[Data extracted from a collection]
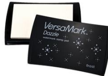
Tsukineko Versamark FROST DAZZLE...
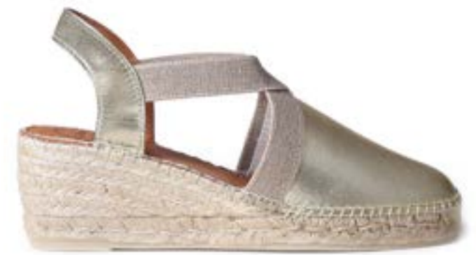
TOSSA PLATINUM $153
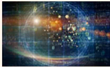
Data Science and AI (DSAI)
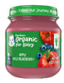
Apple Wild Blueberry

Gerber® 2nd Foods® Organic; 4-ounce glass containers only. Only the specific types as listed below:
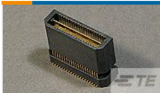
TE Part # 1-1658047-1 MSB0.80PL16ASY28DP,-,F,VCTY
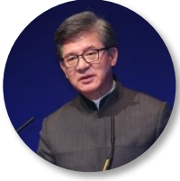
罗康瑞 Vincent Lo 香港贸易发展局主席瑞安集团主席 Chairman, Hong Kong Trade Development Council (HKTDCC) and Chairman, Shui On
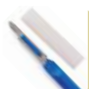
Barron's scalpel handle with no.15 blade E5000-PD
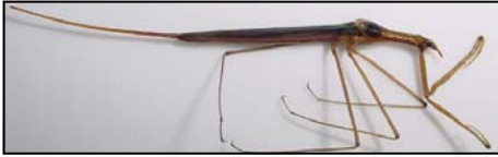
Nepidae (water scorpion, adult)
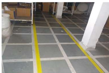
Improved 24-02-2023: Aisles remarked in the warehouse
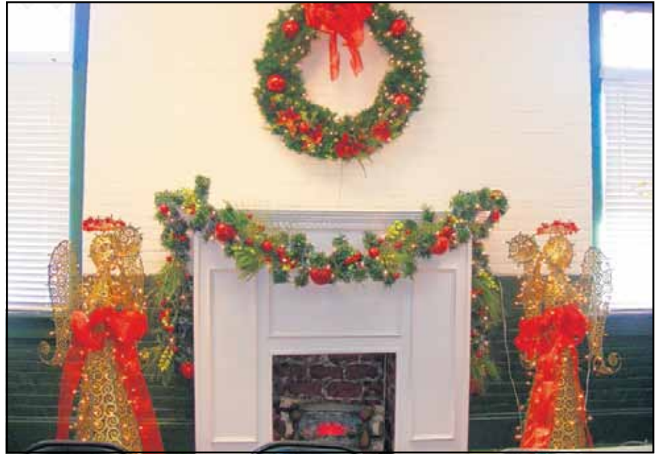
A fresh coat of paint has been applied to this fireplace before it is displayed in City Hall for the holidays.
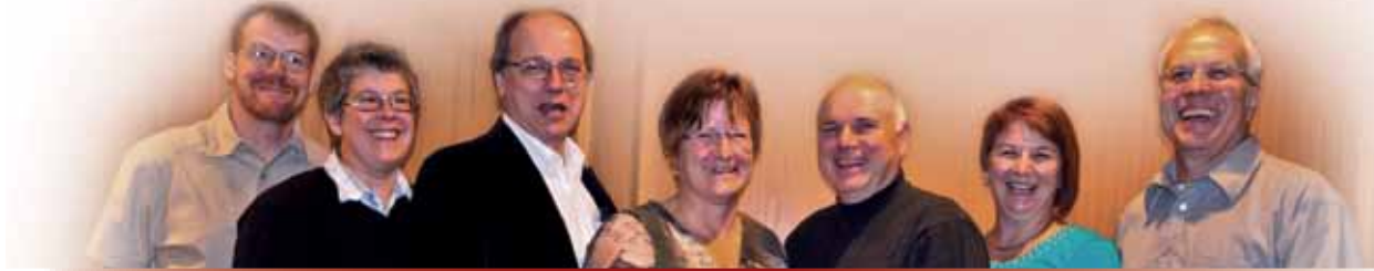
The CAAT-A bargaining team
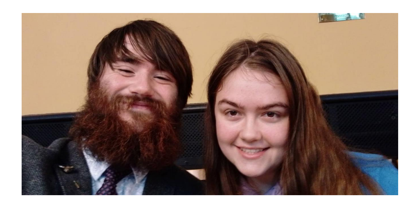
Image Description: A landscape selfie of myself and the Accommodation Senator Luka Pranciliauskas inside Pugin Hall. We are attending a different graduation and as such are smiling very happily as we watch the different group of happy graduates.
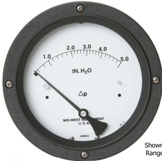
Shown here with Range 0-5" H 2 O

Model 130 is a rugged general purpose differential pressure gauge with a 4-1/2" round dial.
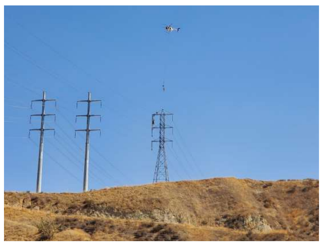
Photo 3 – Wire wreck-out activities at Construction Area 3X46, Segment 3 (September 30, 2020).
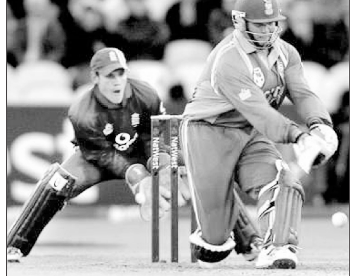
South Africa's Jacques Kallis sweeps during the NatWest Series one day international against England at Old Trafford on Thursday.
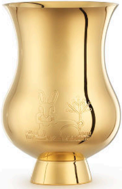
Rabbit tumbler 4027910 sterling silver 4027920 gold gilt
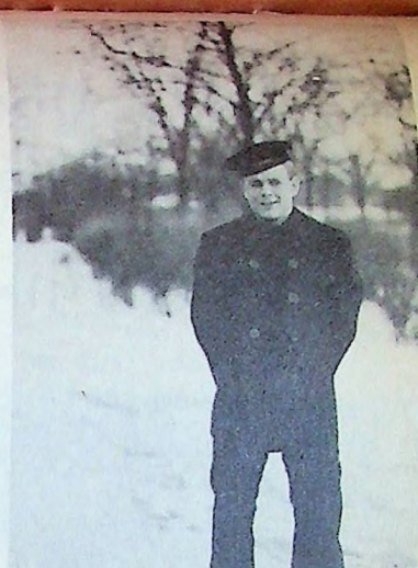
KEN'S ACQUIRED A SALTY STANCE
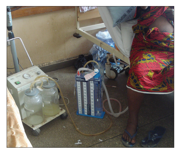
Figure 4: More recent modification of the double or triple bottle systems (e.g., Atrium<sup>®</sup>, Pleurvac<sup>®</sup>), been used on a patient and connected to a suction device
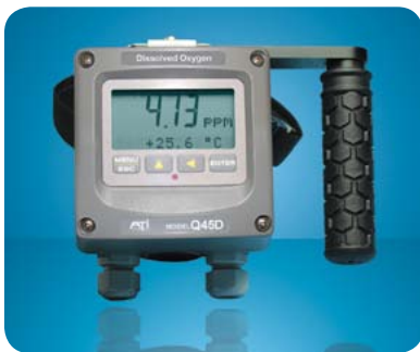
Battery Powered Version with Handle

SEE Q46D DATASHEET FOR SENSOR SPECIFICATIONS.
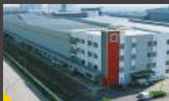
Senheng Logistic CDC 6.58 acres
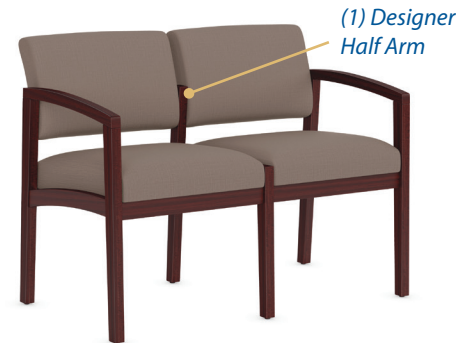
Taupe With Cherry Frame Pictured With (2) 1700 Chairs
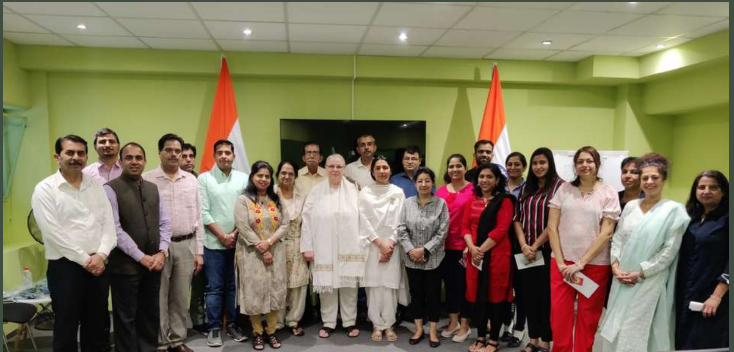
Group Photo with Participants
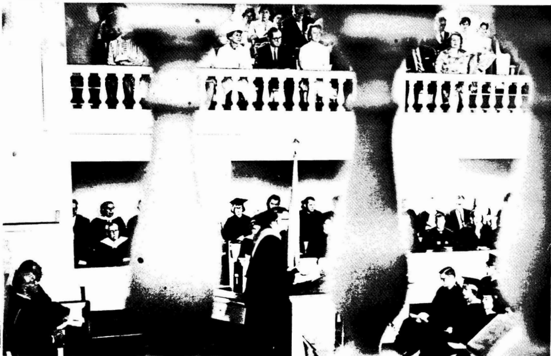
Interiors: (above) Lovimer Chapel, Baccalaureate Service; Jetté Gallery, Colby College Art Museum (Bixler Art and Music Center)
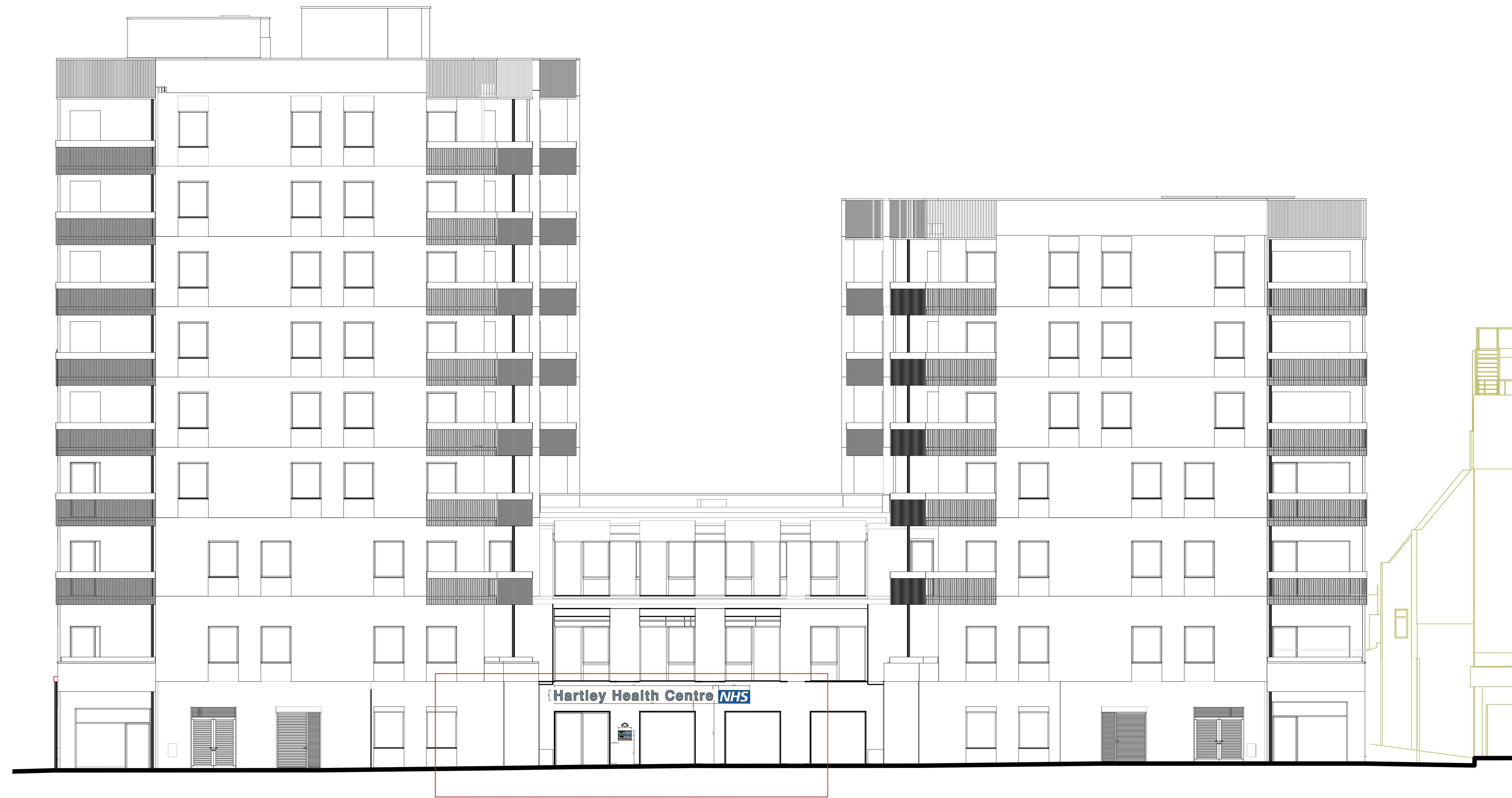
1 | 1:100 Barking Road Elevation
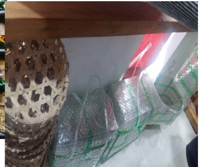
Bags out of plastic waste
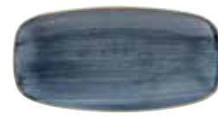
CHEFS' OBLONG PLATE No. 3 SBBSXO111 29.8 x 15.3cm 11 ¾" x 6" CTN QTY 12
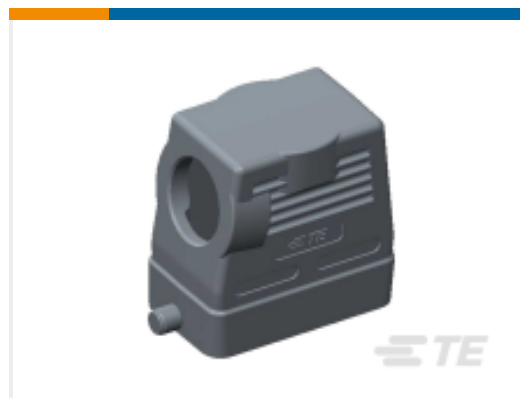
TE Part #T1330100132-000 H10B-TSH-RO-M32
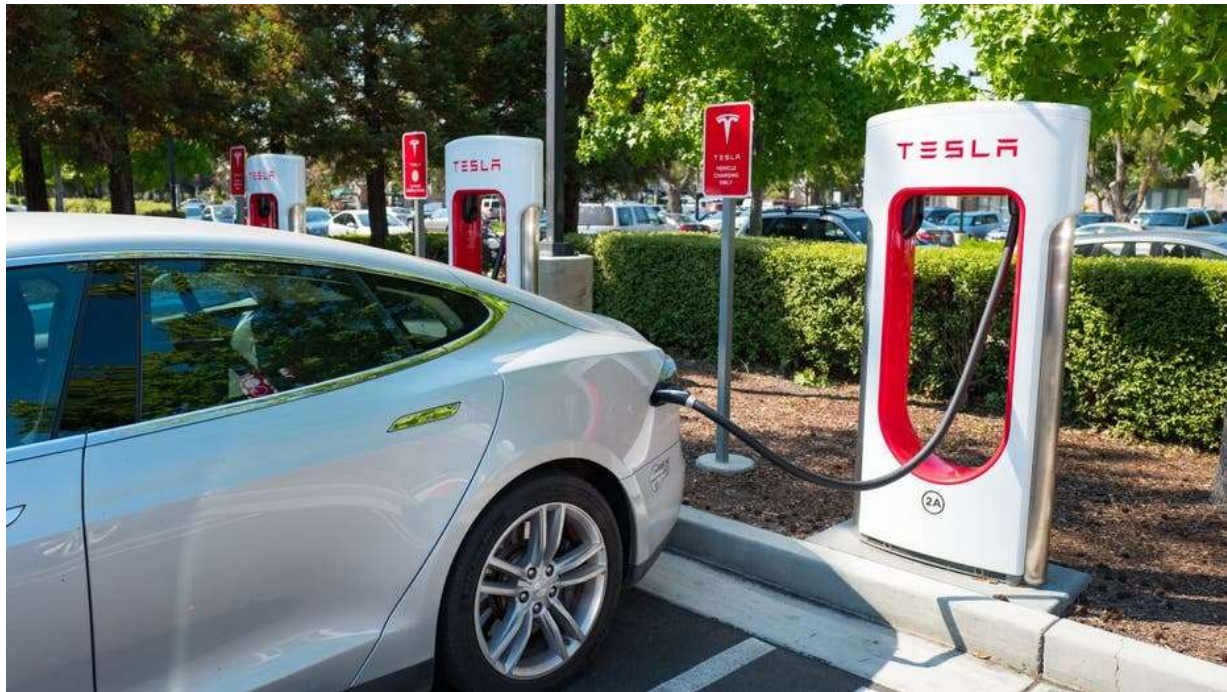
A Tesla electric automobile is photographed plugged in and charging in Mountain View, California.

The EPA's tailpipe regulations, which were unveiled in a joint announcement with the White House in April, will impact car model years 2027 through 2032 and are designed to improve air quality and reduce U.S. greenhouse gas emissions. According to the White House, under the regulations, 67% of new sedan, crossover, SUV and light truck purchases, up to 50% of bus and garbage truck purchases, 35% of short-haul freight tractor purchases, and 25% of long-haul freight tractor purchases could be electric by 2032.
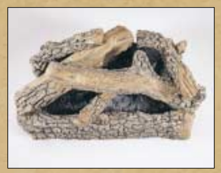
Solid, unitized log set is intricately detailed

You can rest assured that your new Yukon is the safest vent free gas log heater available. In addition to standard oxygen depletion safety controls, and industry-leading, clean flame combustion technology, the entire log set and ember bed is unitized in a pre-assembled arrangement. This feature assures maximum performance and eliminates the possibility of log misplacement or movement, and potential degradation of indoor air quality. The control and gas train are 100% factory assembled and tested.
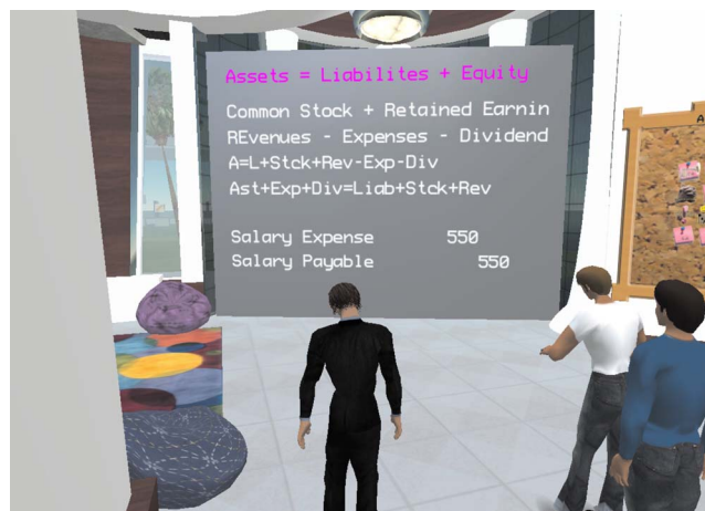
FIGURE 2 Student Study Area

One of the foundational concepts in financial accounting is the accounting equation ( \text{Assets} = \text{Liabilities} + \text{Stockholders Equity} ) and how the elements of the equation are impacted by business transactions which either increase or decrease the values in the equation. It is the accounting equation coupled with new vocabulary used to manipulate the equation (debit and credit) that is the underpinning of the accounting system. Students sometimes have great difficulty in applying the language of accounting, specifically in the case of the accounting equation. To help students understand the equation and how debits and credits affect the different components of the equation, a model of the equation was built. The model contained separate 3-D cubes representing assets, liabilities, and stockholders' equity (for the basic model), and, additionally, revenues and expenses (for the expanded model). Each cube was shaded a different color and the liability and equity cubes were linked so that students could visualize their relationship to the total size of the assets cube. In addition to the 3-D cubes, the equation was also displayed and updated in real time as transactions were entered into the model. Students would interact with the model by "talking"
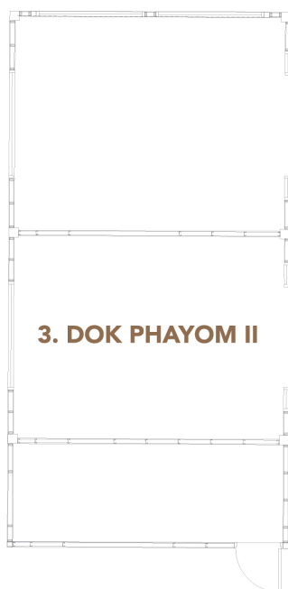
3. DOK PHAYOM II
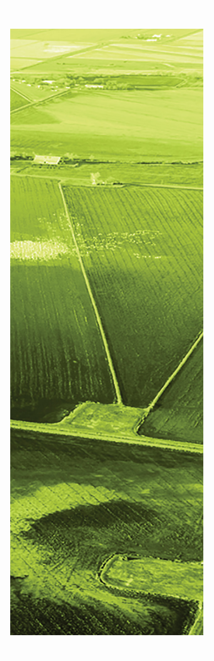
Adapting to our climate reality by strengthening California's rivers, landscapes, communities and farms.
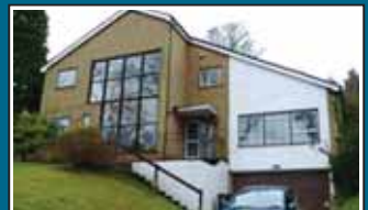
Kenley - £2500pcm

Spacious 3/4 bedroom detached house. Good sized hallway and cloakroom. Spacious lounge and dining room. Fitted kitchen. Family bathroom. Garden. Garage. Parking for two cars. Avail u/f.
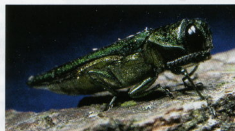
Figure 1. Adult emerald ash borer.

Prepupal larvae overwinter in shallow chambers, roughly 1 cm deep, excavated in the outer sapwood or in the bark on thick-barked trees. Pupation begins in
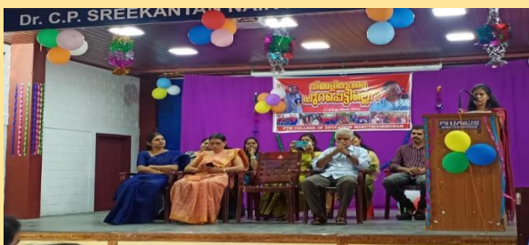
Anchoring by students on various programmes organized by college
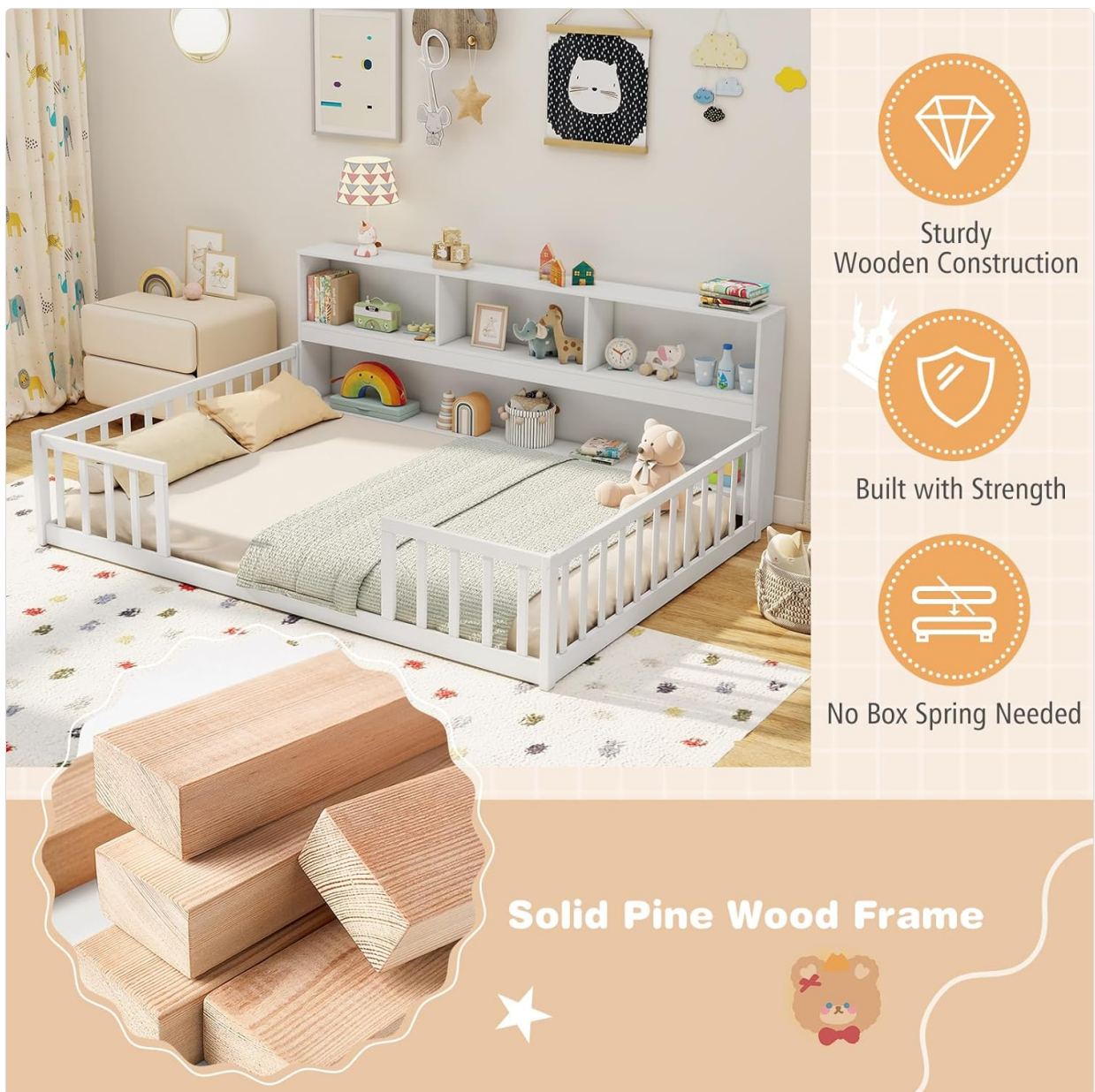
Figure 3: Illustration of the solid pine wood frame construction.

- Task -
An exact copy of the lines above, from the first through the line that holds "罗康瑞 Vincent Lo", is what is needed; leave the pictures out.

- Solved problem -
Tsukineko Versamark FROST DAZZLE...
TOSSA PLATINUM $153
Data Science and AI (DSAI)
Apple Wild Blueberry

Gerber® 2nd Foods® Organic; 4-ounce glass containers only. Only the specific types as listed below:
TE Part # 1-1658047-1 MSB0.80PL16ASY28DP,-,F,VCTY
罗康瑞 Vincent Lo 香港贸易发展局主席瑞安集团主席 Chairman, Hong Kong Trade Development Council (HKTDCC) and Chairman, Shui On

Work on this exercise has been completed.